High-yield markets remain segmented. Demand is concentrated in stronger credits, while structurally challenged issuers lag. CCC-rated bonds, which account for roughly 80% of historical high-yield defaults, remain volatile but supported by carry in the absence of a recession.
Overall, credit markets remain firmly in a yield-driven environment. Spreads are at multi-decade tights, issuance is running at a rapid pace, and risks remain largely idiosyncratic rather than systemic as long as economic growth slows only gradually.
Equities
U.S. equities finished the week modestly lower, with broad indices slipping despite limited macro catalysts. The Dow fell 0.53%, the S&P 500 declined 0.35%, the Nasdaq edged down 0.06%, and the Russell 2000 lost 0.32%, giving back some gains from Friday’s selloff.
Sector performance highlighted notable dispersion. Energy (+3.11%) and Materials (+2.57%) led this week and Year-to-Date (both increased over 10% YTD), followed by Communication Services (+1.06%), Healthcare (+1.05%), Consumer Staples (+0.89%), and Consumer Discretionary (+0.66%). Laggards included Financials (-2.52%), Real Estate (-2.36%), Utilities (-1.95%), Industrials (-1.61%), and Technology (-0.77%).

Trading followed a distinct risk-off then stabilisation pattern. Markets reopened after the holiday amid renewed tariff and geopolitical rhetoric, triggering an early-week pullback and pushing flows toward defensives and real assets. Conditions stabilised midweek as escalation risks eased and AI-related demand narratives resurfaced, allowing equities to partially retrace losses.
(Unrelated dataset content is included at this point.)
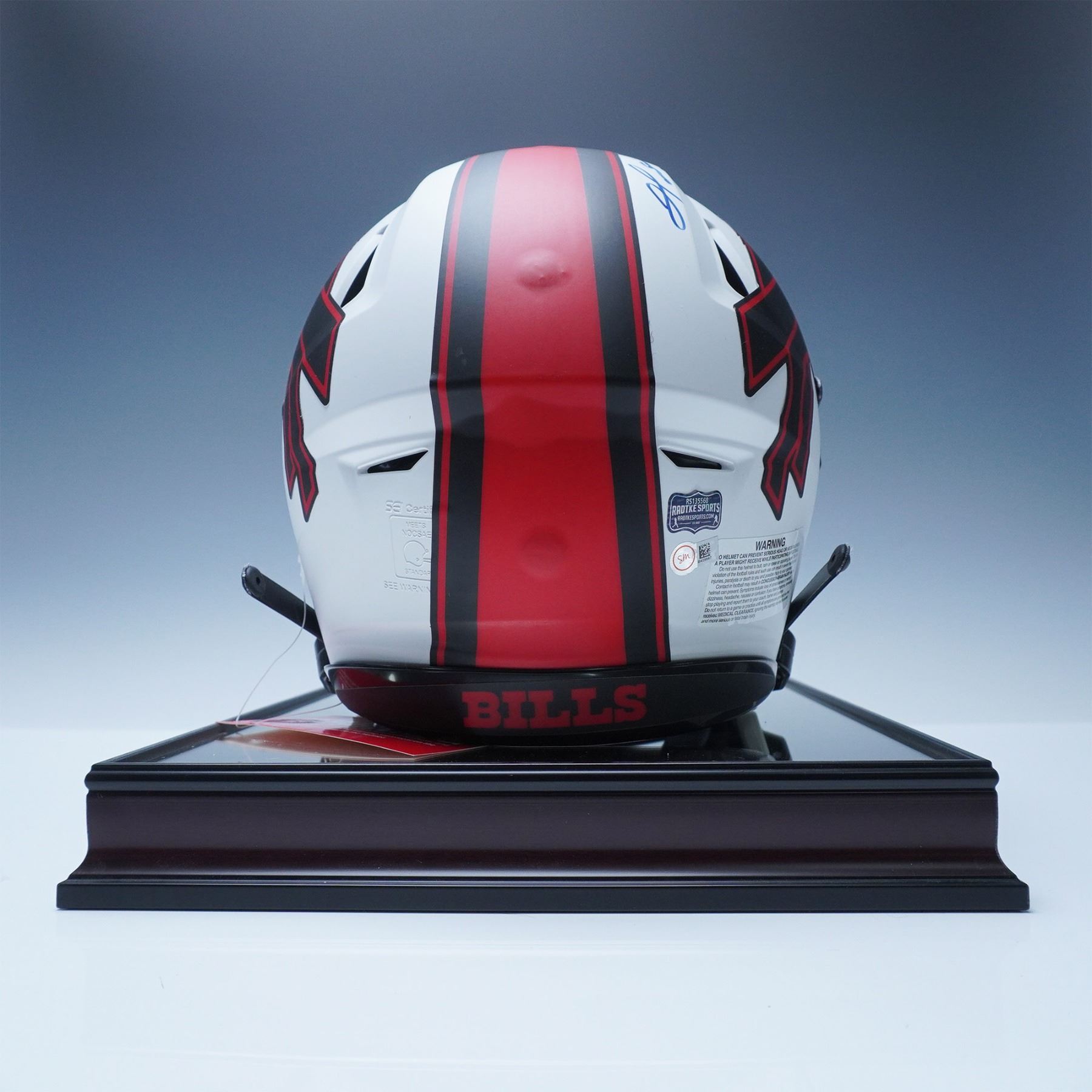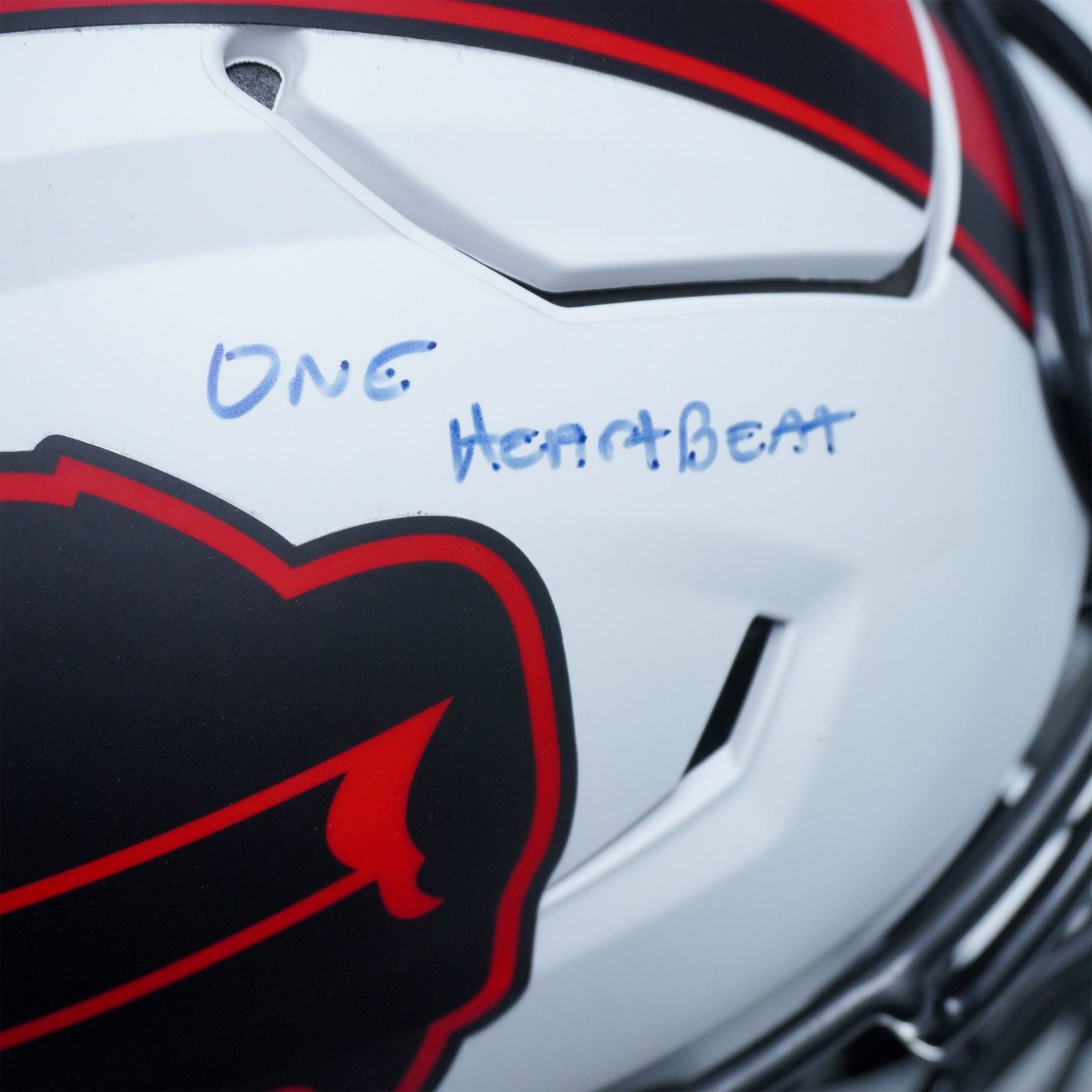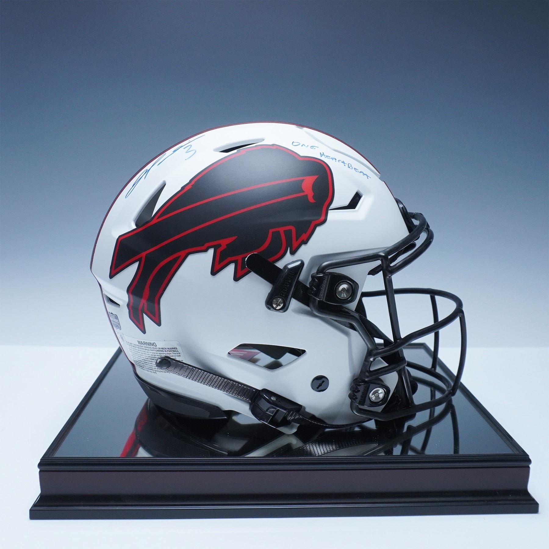 A striking Buffalo Bills full-size SpeedFlex helmet, personally signed by safety Damar Hamlin. This custom-designed alternate helmet features a sleek white matte finish with bold black and red Buffalo Bills graphics. Hamlin has inscribed it with "One Heartbeat", a powerful tribute to unity and resilience. Authenticated by Radtke Sports, the signature and inscription come with certification stickers for verification. Displayed in a premium mirrored case, this signed helmet is a standout addition to any sports memorabilia collection, commemorating Hamlin’s inspiring career and comeback story.

The secular AI narrative received incremental support from reports that OpenAI is in discussions to raise approximately $50B at a valuation of roughly $750–800B, while Anthropic is reportedly seeking capital at a valuation near $350B, reinforcing investor conviction around long-duration AI infrastructure spending.
However, earnings-related disappointments in select technology and semiconductor names capped the rebound, reinforcing investor selectivity. At the same time, investors grappled with a high bar for earnings delivery, renewed debate around Fed independence and rate-cut recalibration, stretched positioning and sentiment, and spillover from Japanese government bond markets where yields reached multi-decade highs. Inflation risks and tariff-related cost pressures also remain key overhangs. Mega-cap leadership remained narrow, with Meta Platforms standing out on strength, while momentum, high-beta exposures, and retail-favoured trades lagged. Small caps underperformed on the week but continue to lead year to date, remaining roughly 6.5% ahead of the S&P 500 (+7.5% vs +1% YTD), underscoring ongoing factor dispersion rather than broad risk aversion.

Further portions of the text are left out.